In general, people who are successful in the modern business world are good at so-called networking. This is essentially a form of being sociable (see, for example, "The Schmooze-Hater’s Guide to Better Networking" < http://www.bnet.com/blog/smb-sales-advi ... orking/257 > ; also see "Networking for Introverts" < http://www.wrongplanet.net/postt145754.html >). In addition, many modern businesses claim that they need employees with good "soft skills", by which they mean communication skills, team-working, and creative and critical thinking --at least for employees that work in offices. In my experience, however, to be successful in the typical modern workplace you have to be good at playing office politics, engaging in sycophantic behaviours, back-stabbing, b***s****ing, etc. --rather than actually getting the job done and done right. (This is especially true of large, well established organisations, including government and academic institutions.)

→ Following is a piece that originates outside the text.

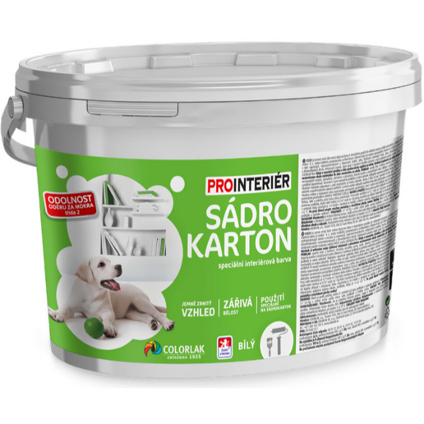 Špeciálna biela matná jemne zrnitá disperzná interiérová maliarska farba na okamžité použitie. Sadrokartón sa vyznačuje vysokou odolnosťou oteru za sucha, dobrou odolnosťou oteru za mokra (umývateľnosťou), vynikajúcou paropriepustnosťou a vysokou krycou schopnosťou. Sadrokartón má hlavné využitie predovšetkým pri maľovaní veľmi hladkých plôch ako je sadrokartón, kde vytvára jemnú štruktúru štukovej omietky, teda zjednocuje povrch. Sadrokartón je určený tiež na použitie na murivo, vápenné, vápennocementové, sádrové a sanačné omietky, betón, drevovláknité a drevotrieskové dosky, tapety a na pretieranie starých náterov.

There are exceptions. For instance, my current job requires very little social interaction, but it is also a low level and hence low paid job. There are probably some well paying jobs that require little social interaction, but you are going to have to think carefully and search for them. It is possible that employers are more willing to overlook the autistic traits of people who have a degree in a technical field that there is high demand for (STEM: science, technology, engineering and mathematics). Other people have recommended skilled trades (e.g. electrician, pipe-fitter, etc.; < http://www.wrongplanet.net/postp3398942 ... t=#3398942 >). These are definitely not the typical office-drone job, which is what school counsellors usually have in mind.

Finally, some people with autism/ Asperger's syndrome are able to master social skills well enough to survive and even succeed in the modern workplace. I am not one of them, and I do not know how they do it, but you will find a few of them out there.